Skip the pictures and write out, word for word, the lines below from the one with "A Boston terrier" through the one with "۵۰۰۰IU | ۱۰۰% |", inclusive.

Available data:
————————
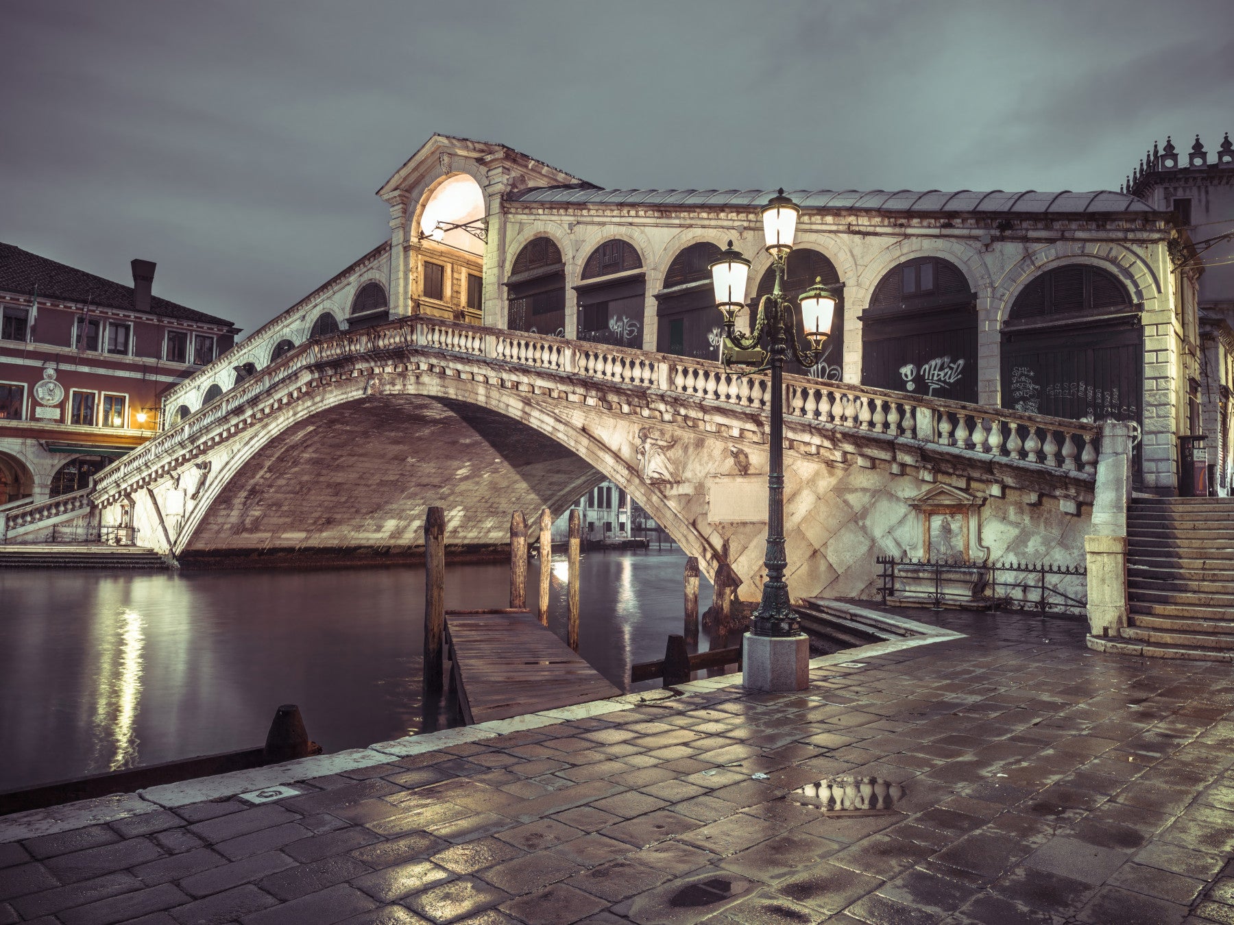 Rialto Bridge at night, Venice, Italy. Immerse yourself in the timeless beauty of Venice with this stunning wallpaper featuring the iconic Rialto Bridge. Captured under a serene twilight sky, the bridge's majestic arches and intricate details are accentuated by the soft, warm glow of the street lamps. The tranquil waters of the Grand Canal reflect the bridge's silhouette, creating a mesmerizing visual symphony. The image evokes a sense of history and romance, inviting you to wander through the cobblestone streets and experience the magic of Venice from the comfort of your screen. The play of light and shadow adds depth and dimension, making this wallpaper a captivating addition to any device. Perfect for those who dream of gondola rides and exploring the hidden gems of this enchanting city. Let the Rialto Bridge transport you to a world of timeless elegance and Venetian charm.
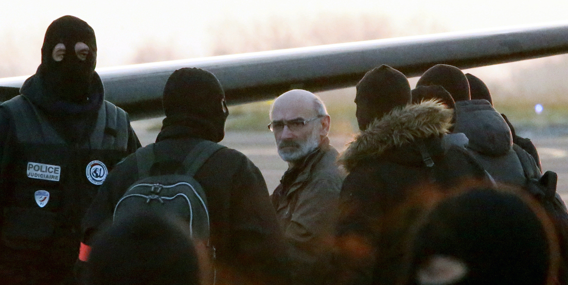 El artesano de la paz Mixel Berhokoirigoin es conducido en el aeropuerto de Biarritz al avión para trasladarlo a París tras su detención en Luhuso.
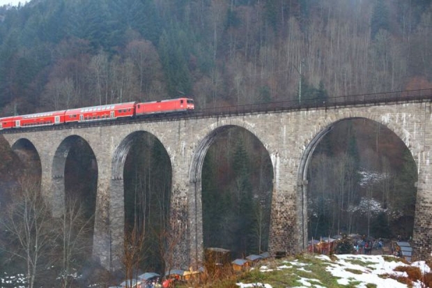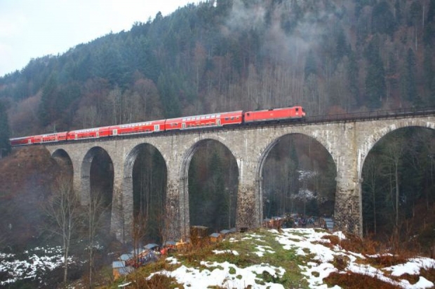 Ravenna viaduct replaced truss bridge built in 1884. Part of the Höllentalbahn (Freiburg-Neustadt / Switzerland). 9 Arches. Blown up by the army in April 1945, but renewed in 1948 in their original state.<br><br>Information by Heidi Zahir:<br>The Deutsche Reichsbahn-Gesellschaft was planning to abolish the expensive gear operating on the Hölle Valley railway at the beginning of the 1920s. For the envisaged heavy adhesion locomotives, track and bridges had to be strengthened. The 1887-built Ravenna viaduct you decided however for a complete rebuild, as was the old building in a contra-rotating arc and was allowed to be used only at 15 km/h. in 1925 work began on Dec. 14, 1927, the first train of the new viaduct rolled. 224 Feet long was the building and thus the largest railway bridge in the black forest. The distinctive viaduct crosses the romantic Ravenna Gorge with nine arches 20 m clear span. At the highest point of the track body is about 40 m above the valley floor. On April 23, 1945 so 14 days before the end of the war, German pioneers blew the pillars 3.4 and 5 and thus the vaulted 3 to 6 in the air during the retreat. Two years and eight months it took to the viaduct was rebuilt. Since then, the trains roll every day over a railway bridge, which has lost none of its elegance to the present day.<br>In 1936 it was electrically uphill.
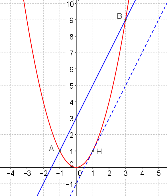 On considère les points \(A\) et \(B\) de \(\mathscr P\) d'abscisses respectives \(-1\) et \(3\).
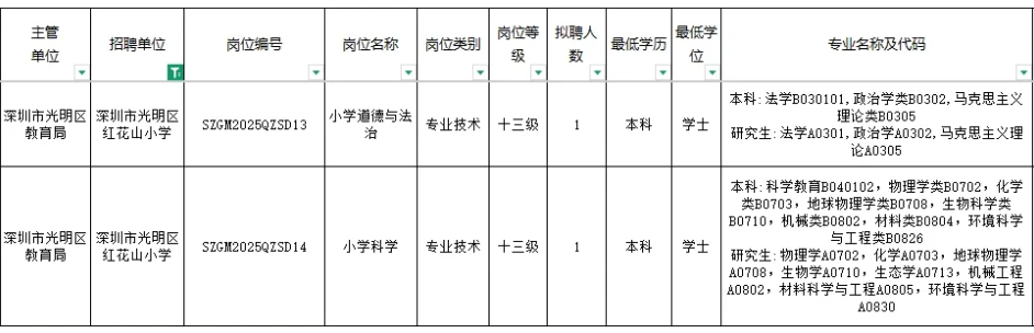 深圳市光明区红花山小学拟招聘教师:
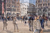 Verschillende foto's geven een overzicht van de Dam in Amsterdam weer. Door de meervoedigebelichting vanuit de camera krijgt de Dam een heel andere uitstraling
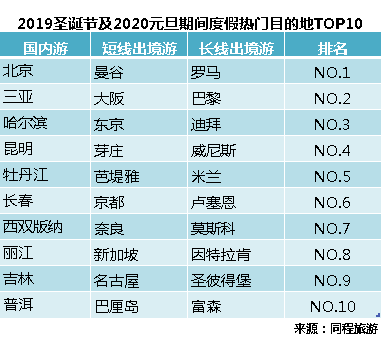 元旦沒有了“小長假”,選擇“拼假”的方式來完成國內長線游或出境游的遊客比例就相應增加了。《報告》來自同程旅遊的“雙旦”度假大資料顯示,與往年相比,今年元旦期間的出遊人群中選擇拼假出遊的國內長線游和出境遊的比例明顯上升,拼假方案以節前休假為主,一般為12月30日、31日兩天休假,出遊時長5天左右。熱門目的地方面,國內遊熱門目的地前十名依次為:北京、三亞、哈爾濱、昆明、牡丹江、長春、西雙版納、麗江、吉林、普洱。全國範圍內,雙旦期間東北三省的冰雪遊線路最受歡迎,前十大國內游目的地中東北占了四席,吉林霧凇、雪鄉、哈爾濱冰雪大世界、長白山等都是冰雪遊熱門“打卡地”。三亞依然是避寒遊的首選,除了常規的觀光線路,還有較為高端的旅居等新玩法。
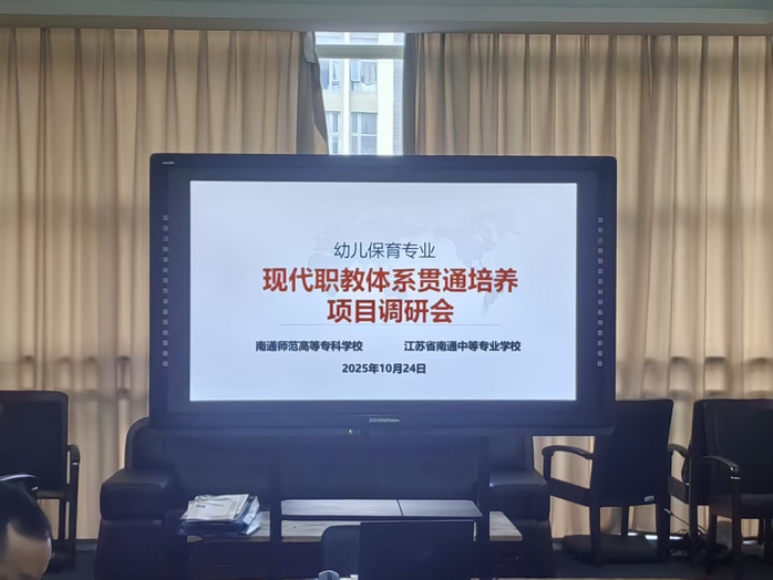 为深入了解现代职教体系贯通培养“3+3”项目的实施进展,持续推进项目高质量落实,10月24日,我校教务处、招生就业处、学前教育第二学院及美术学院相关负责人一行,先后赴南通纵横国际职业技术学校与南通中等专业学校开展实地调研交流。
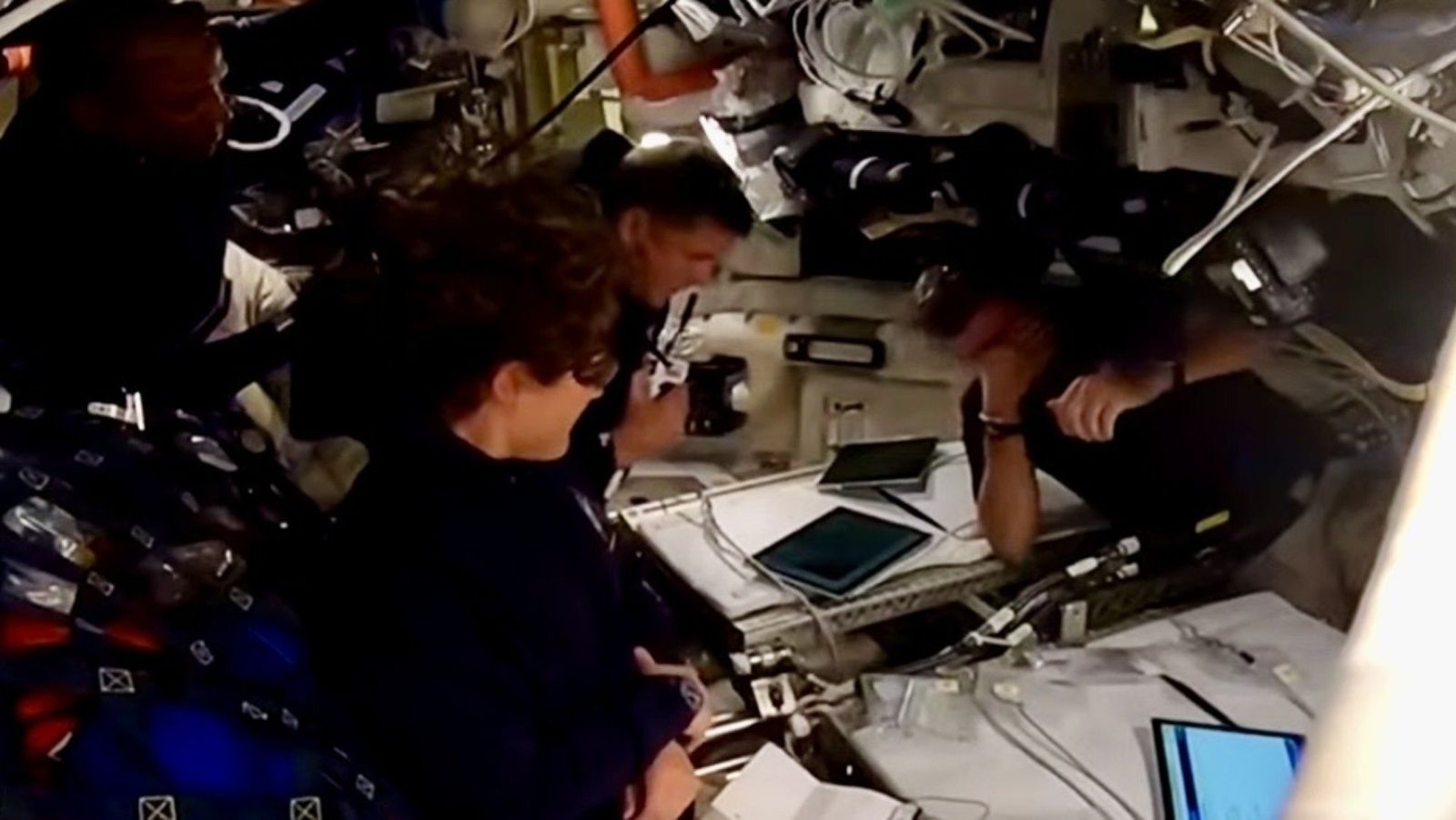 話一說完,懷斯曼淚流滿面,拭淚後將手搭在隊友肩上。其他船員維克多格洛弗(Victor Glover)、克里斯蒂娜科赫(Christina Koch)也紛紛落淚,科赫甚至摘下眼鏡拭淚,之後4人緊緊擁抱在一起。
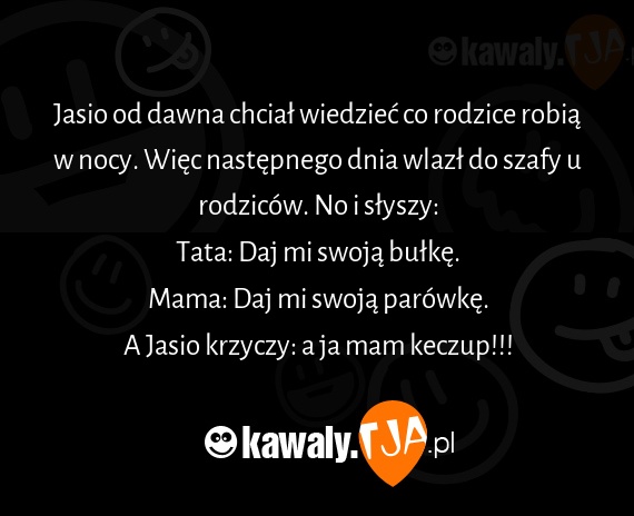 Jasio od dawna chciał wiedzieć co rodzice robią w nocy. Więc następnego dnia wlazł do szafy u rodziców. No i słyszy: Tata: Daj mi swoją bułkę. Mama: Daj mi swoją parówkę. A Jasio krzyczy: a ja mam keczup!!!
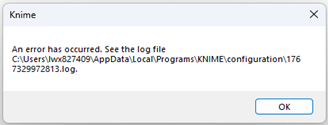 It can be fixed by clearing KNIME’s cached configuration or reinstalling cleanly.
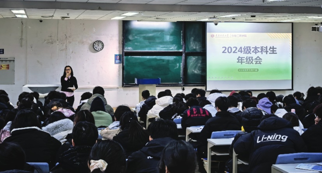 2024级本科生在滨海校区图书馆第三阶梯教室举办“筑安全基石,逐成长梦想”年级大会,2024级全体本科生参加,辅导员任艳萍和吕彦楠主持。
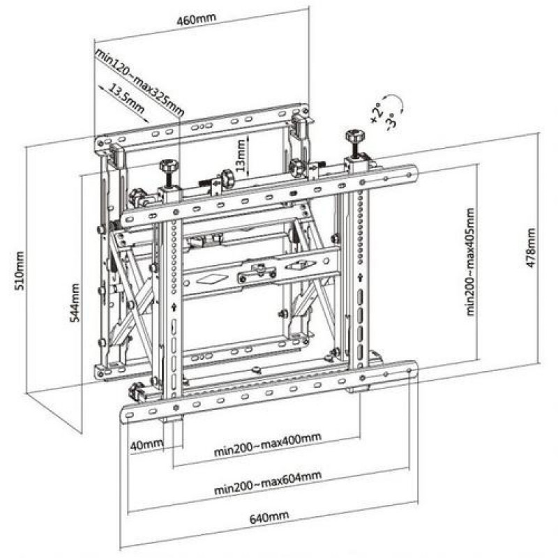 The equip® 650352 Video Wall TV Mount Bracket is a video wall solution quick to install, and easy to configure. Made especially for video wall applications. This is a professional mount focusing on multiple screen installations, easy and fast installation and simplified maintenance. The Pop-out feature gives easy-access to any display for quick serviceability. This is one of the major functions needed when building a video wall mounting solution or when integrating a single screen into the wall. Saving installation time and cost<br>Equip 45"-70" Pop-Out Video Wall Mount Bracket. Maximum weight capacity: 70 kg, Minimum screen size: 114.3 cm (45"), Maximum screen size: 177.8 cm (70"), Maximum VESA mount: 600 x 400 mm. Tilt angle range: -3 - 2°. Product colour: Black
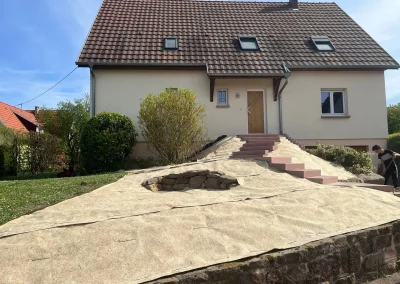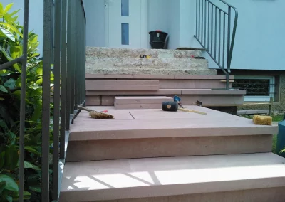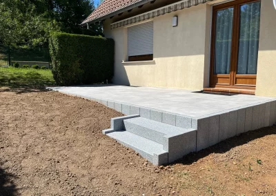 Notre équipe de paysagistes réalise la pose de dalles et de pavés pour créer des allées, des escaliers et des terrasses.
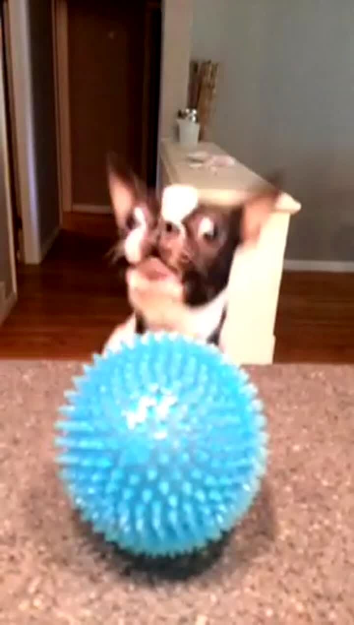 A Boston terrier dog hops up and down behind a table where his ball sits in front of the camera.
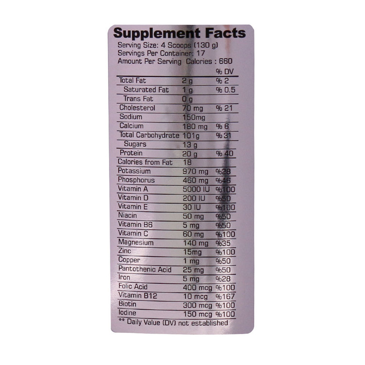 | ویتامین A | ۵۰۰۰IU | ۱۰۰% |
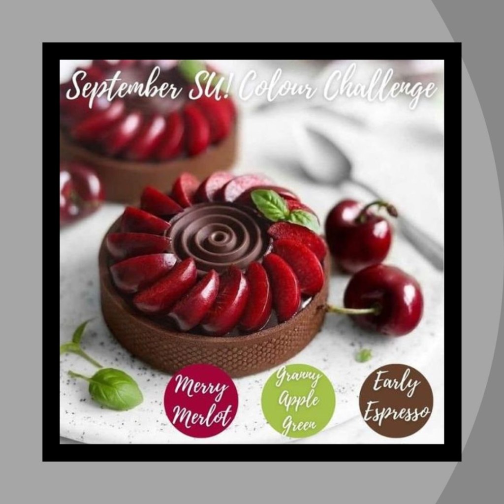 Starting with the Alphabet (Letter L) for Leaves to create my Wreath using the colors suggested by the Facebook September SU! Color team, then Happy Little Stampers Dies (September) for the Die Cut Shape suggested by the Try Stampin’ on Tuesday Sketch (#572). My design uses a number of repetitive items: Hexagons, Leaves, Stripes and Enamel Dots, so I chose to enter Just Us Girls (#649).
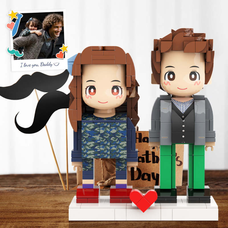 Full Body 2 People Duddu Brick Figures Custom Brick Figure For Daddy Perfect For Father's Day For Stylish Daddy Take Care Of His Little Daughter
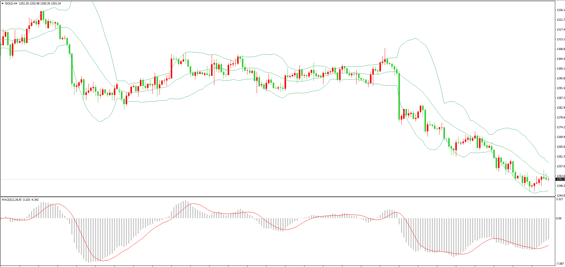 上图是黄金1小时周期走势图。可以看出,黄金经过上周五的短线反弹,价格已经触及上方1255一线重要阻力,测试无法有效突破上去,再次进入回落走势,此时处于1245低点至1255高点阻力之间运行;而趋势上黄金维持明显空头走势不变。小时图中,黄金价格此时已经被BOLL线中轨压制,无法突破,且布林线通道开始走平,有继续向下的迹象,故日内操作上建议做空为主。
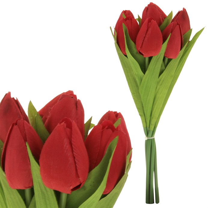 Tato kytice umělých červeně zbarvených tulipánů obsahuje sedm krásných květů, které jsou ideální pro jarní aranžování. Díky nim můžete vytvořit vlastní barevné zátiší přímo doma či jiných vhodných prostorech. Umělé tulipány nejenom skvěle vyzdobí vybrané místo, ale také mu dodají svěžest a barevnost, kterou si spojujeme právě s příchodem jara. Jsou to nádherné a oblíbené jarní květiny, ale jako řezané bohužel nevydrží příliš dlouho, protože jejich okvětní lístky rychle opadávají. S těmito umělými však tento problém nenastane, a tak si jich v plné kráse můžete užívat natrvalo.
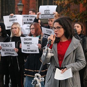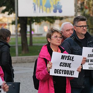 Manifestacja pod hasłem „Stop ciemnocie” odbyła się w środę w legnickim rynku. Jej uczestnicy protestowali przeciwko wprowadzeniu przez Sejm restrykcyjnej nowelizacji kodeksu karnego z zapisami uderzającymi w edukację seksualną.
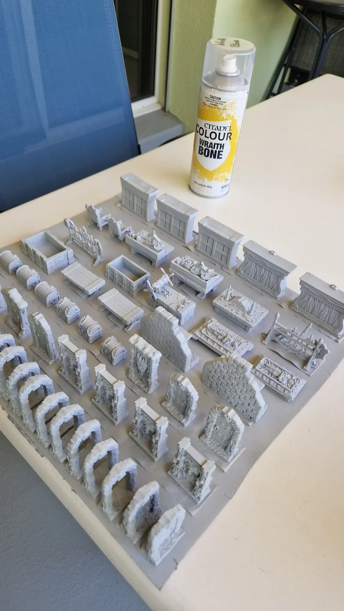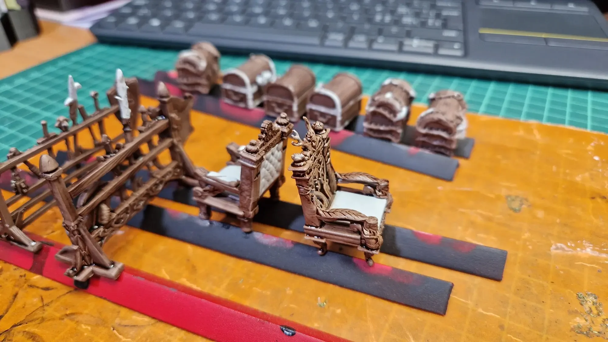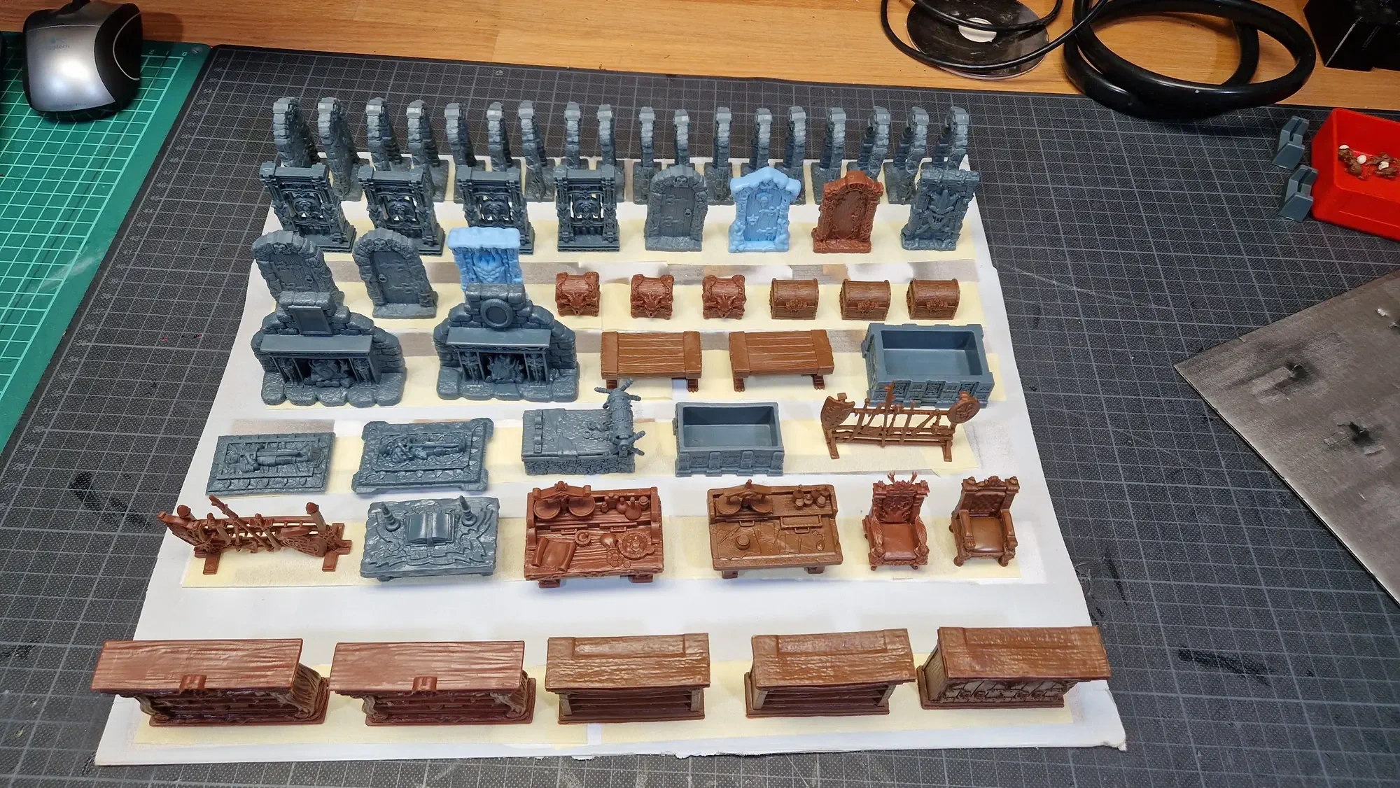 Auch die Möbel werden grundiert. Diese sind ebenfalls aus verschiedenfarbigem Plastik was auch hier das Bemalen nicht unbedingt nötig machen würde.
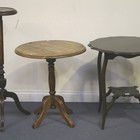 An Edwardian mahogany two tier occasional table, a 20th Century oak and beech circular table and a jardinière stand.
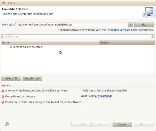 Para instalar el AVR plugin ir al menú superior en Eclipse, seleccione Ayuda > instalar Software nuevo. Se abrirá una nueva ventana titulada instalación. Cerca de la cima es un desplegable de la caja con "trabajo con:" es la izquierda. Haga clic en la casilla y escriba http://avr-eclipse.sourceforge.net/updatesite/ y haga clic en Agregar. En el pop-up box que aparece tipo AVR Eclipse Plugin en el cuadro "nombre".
————————
Exercise result:
 A Boston terrier dog hops up and down behind a table where his ball sits in front of the camera.
 | ویتامین A | ۵۰۰۰IU | ۱۰۰% |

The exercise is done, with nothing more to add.